Final answer:
- a. The electrostatic potential energy at the instant that the alpha particle stops is 2.065 x 10⁻¹³ joules.
- b. The electrostatic potential energy at the instant that the alpha particle stops is 1.29 MeV.
- c. The initial kinetic energy of the alpha particle is 2.065 x 10⁻¹³joules.
- d. The initial kinetic energy of the alpha particle is 1.29 MeV.
- e. The initial speed of the alpha particle is approximately 7.88 x 10⁶ m/s.
Step-by-step explanation:
**a) To calculate the electrostatic potential energy at the instant that the alpha particle stops, we can use the formula:
Potential energy = (k * q₁ * q₂) / r
where k is the electrostatic constant (approximately 9.0 x 10⁹ N m²/C²), q₁ and q₂ are the charges of the alpha particle and the lead nucleus, respectively, and r is the distance between them.

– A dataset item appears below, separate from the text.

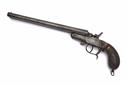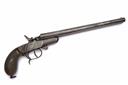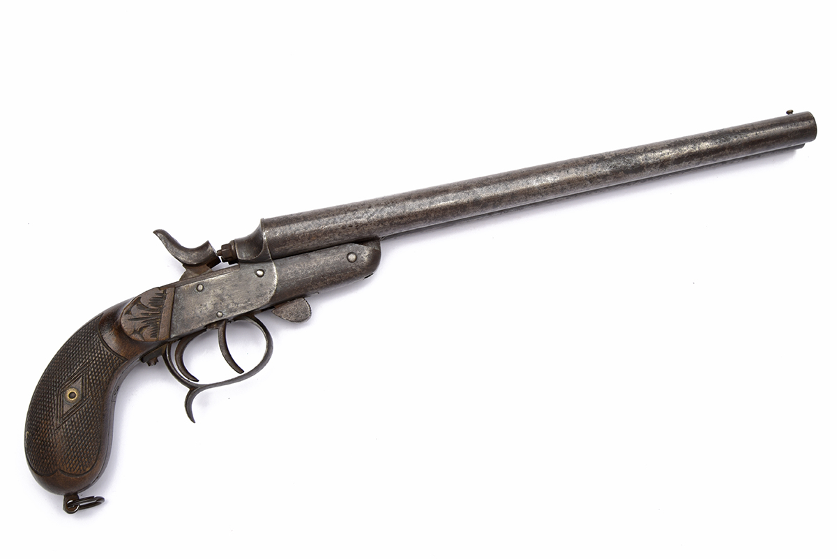 A .410 (2IN.) DOUBLE BARRELLED HAMMER SHOT-PISTOL, UNSIGNED, serial no. 22, circa World War One, with 9 1/2in. barrels (some pitting), boxlock action with twin hammers and twin triggers and chequered walnut bag-shaped butt, finish worn
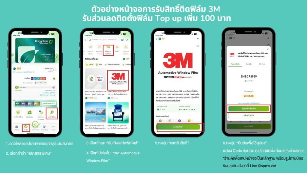 กดรับสิทธิ์ผ่าน Bangchak Mobile Application หรือเว็บไซต์ www.bcpgreenmiles.com และแสดงรหัส (Code) ที่ได้รับแก่ร้านตัวแทนติดตั้งฟิล์มกรองแสงรถยนต์ 3M ที่ร่วมรายการ ก่อนชำระค่าบริการ

The alpha particle has a charge of +2e, where e is the elementary charge (approximately 1.6 x 10⁻¹⁹ C). The lead nucleus has a charge of +82e.
Substituting these values into the formula, we get:
Potential energy = (9.0 x 10^9 N m²/C²) * (2e) * (82e) / (7.00 x 10⁻¹⁴ m)

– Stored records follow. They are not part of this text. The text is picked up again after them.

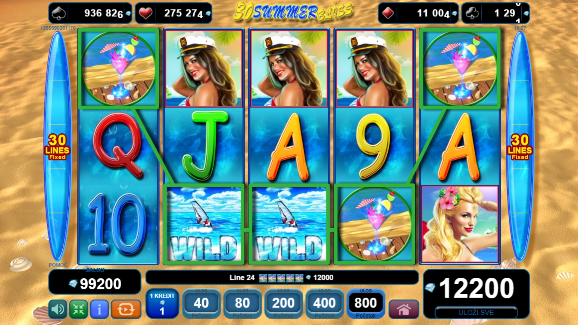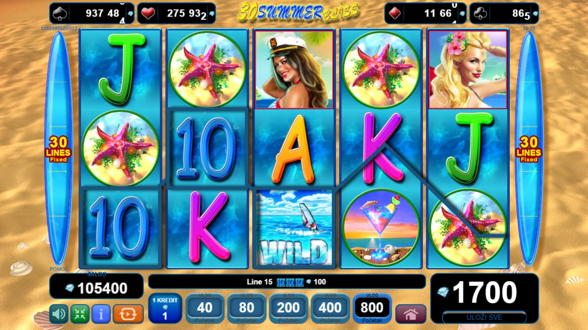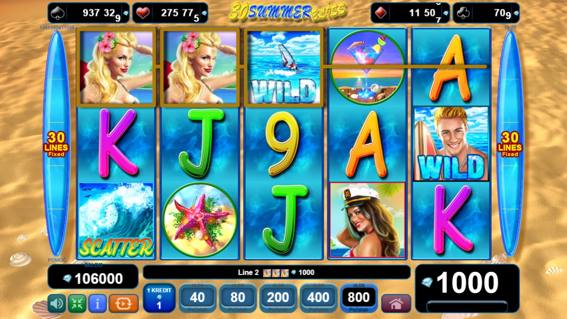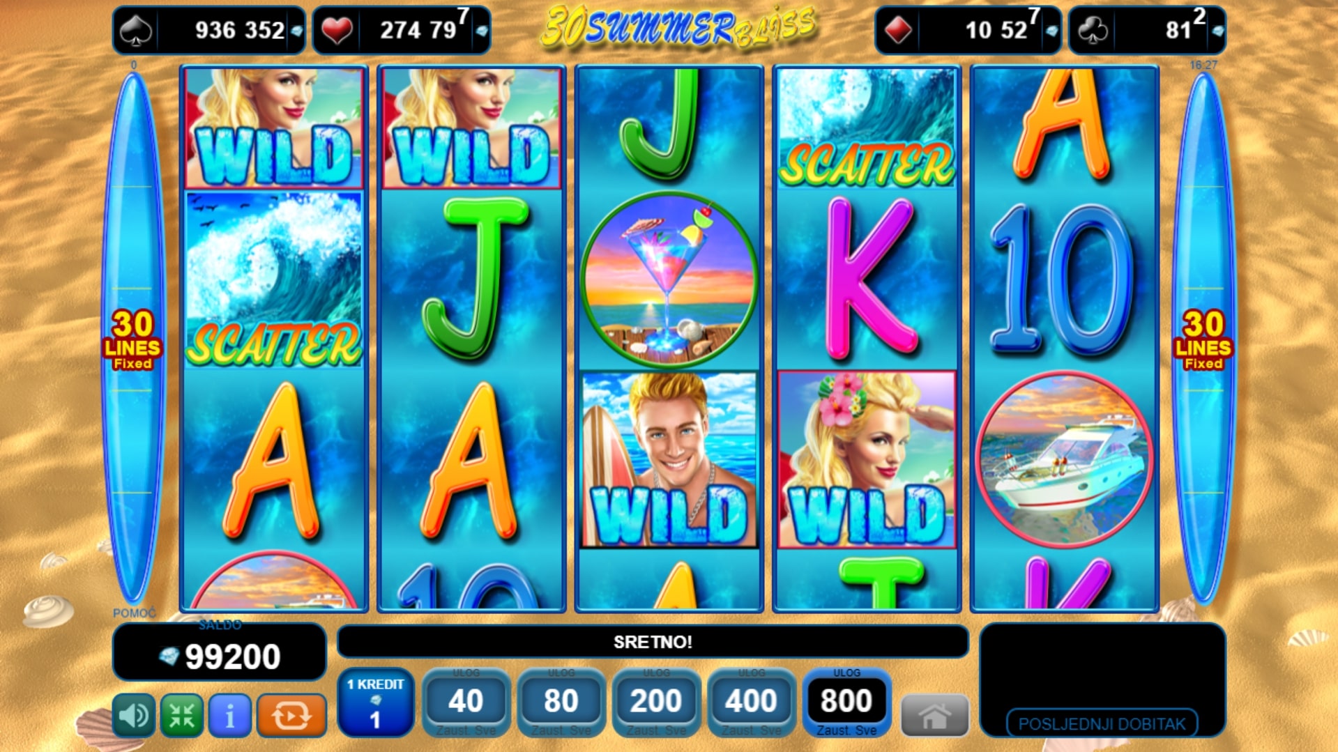 30 Summer Bliss slot je igra ljetnog ugođaja koja vodi igrača u nezaboravnu avanturu predivnim plažama i kristalno plavim morem. Najviše isplaćuju simboli jahta, ljepotica s plaže te surfera koji također ima funkciju zamjene drugih simbola u potrazi za dobicima. Najveći gušt ipak stvaraju valovi koji nizanjem na kolutu vode igrača u svijet besplatnih vrtnji. Kroz vrijeme igrač može ostvariti i tajanstveni Jackpot te dobitke dovesti na nove razine. Zaigraj 30 Summer Bliss te osvoji osvježavajuće dobitke!
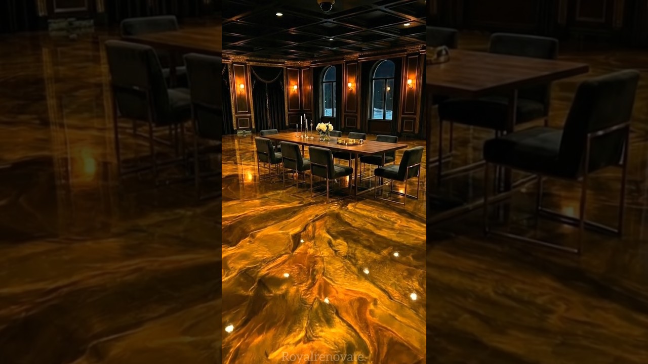 Luxury Dining Hall Transformation with Metallic Epoxy Floor ✨#epoxyfloor #youtubshorts
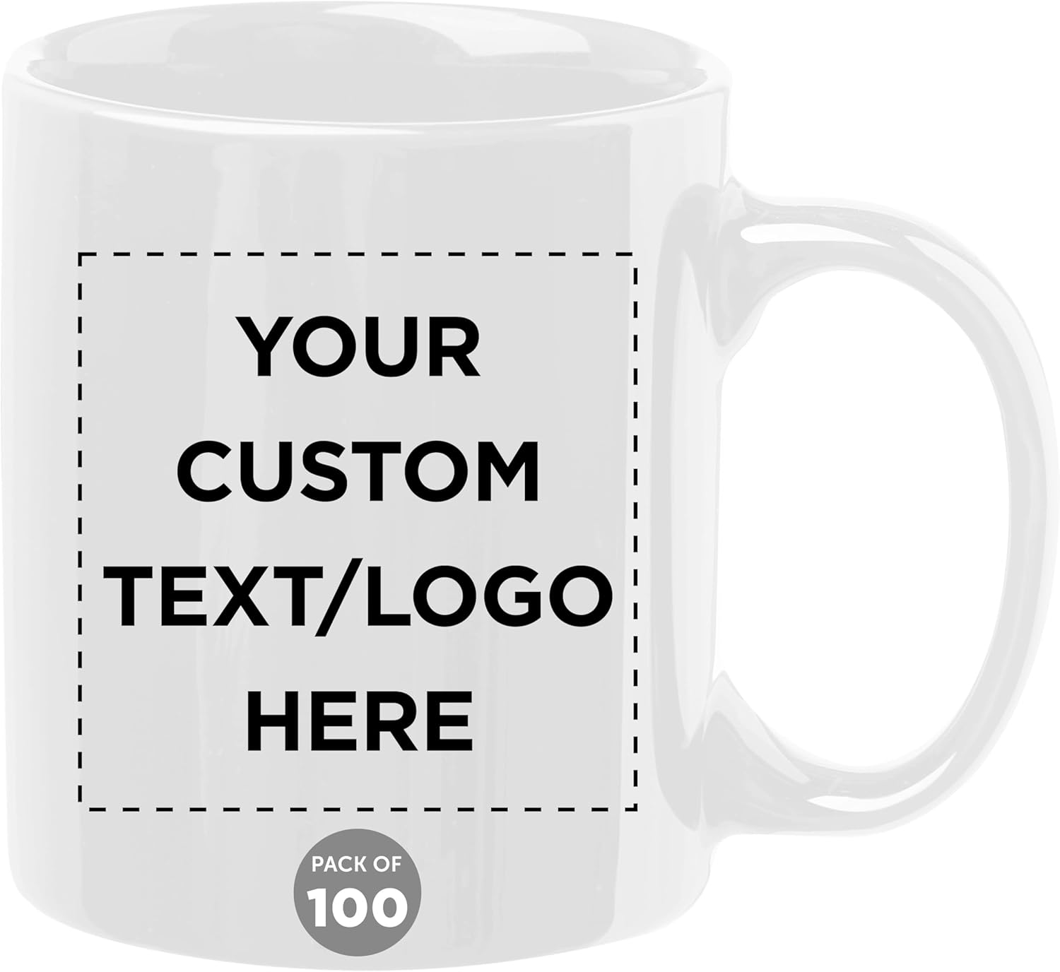 Custom Ceramic Coffee Mugs 11 oz. Set of 100, Personalized Bulk Pack - Coffee cup set, Iced coffee cup, Gaming mug - White
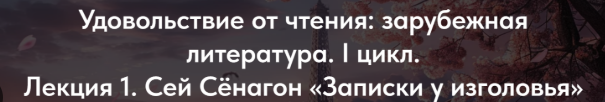 Название: Удовольствие от чтения - зарубежная литература. I цикл. Лекция 1. Сей Сёнагон «Записки у изголовья» (2024)
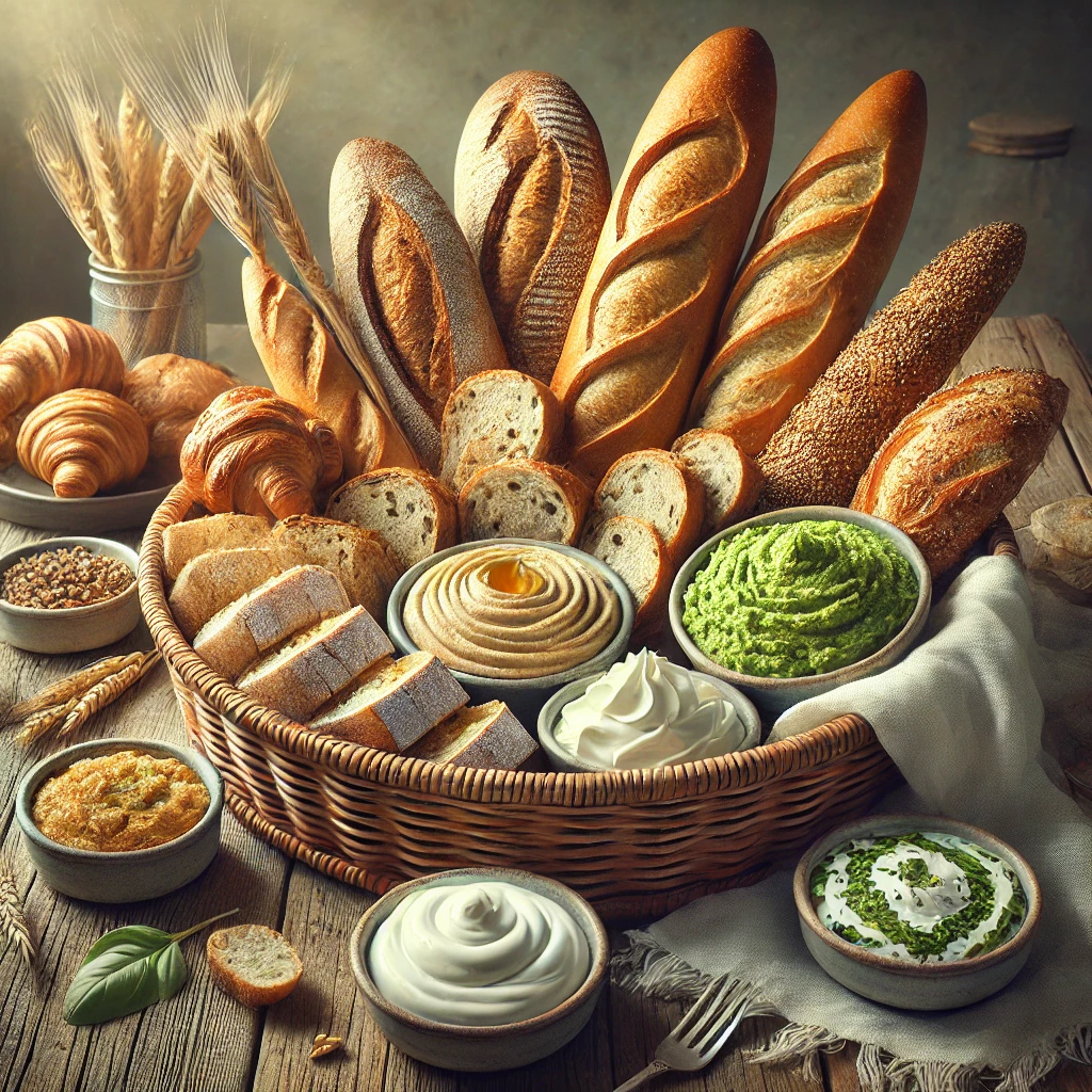 빵과 딥 소스를 함께 제공하면 간단하면서도 배부른 메뉴를 완성할 수 있습니다. 바게트, 치아바타, 크루아상 등 다양한 빵을 준비하고, 함께 즐길 수 있는 딥으로는 허머스, 아보카도 딥, 사워 크림, 크림 치즈 등을 곁들입니다. 여기에 바질 페스토와 같은 풍미 깊은 소스를 추가하면 고급스러움을 더할 수 있습니다.

Simplifying the expression and converting to joules, we find:
Potential energy = 2.065 x 10⁻¹³ J
Therefore, the electrostatic potential energy at the instant that the alpha particle stops is 2.065 x 10⁻¹³ joules.

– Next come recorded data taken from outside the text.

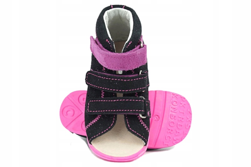 Дизайн представленого взуття дозволяє належним чином розробити стопу дитини. Жорсткі підбори та витягнуті бічні закладки підтримують стабілізацію стопи під час ходьби. Взуття має сертифікат медичного продукту - CE.
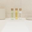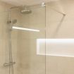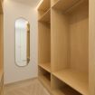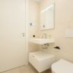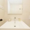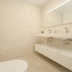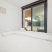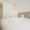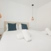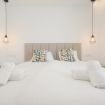 Los dos dormitorios, al igual que toda la propiedad, comparten un estilo moderno y minimalista, acentuado por los colores claros, los materiales utilizados y las ventanas del suelo al techo. El dormitorio principal tiene una cama doble, un cuarto de baño en suite con tocador doble, una smart TV y un amplio vestidor. El dormitorio secundario también tiene una cama doble, pero cuenta con un armario empotrado y acceso a un cuarto de baño adyacente. Ambos cuartos de baño están equipados con amplias duchas a ras de suelo.
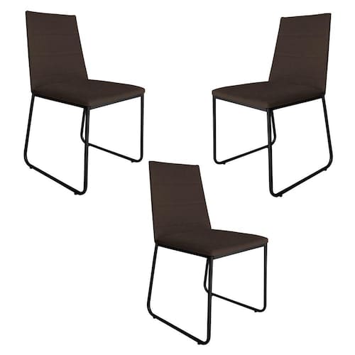 Kit 3 Cadeiras de Jantar Estofada Lille Base Preta Veludo Marrom - Montanaris Decor
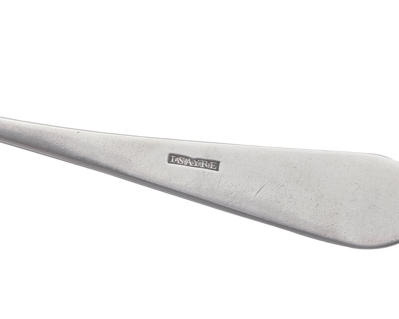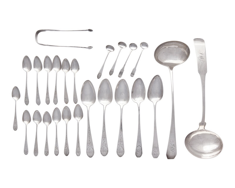 comprising fourteen items by John Sayre: a set of three tablespoons bearing monogram, "AT", a single tablespoon bearing monogram, "CV", a set of three teaspoons bearing monogram, "WWE", a set of three teaspoons bearing armorial crest in the form of a dog, a single teaspoon bearing monogram, "GHH", a single teaspoon bearing monogram, "ER", and a pair of salt spoons bearing monogram, "EB", all marked; and nine items by Joel Sayre: a tablespoon bearing monogram, "GHM", a set of four teaspoons bearing monogram, "IH", a single teaspoon bearing monogram, "CW", a pair of salt spoons bearing monogram, "BET", a sugar tongs bearing monogram, "SML", and a punch ladle bearing monogram, "JAH", all marked; and a punch ladle by maker, "J & IC & C," bearing monogram, "ACS," marked.

**b) To express the electrostatic potential energy in MeV (mega-electron volts), we can use the conversion factor 1 MeV = 1.602 x 10⁻¹³ J.
Converting the previously calculated potential energy to MeV, we find:
Potential energy in MeV = (2.065 x 10^-13 J) / (1.602 x 10⁻¹³ J/MeV)
Simplifying the expression, we get:
Potential energy in MeV = 1.29 MeV
Therefore, the electrostatic potential energy at the instant that the alpha particle stops is 1.29 MeV.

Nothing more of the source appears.